● **What to produce**
Only the lines below between the one holding "Plateau: 5 cm" and the one holding "Een zithoek op", inclusive, are to be reproduced word for word; the pictures are to be left out.

** Supplied entries follows **

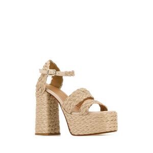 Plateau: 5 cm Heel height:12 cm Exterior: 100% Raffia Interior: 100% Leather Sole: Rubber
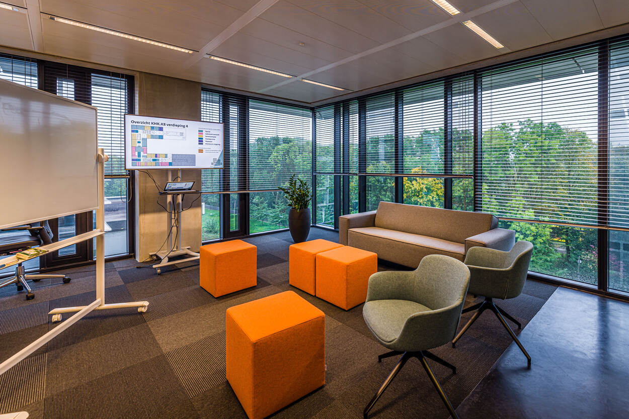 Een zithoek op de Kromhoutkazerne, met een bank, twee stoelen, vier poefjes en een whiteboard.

** End of Supplied entries **
** Supplied entries follows **

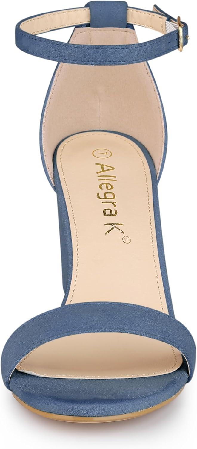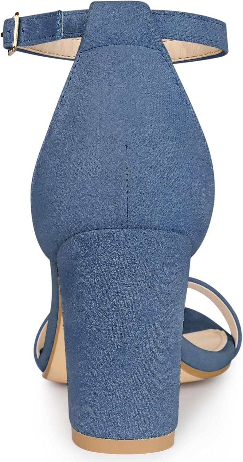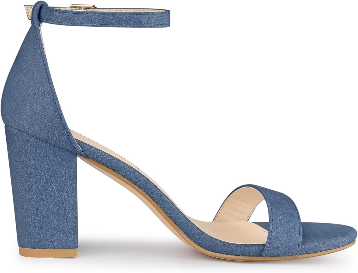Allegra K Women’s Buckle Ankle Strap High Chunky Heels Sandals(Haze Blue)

** End of Supplied entries **

● **Reply**
 Plateau: 5 cm Heel height:12 cm Exterior: 100% Raffia Interior: 100% Leather Sole: Rubber
 Een zithoek op de Kromhoutkazerne, met een bank, twee stoelen, vier poefjes en een whiteboard.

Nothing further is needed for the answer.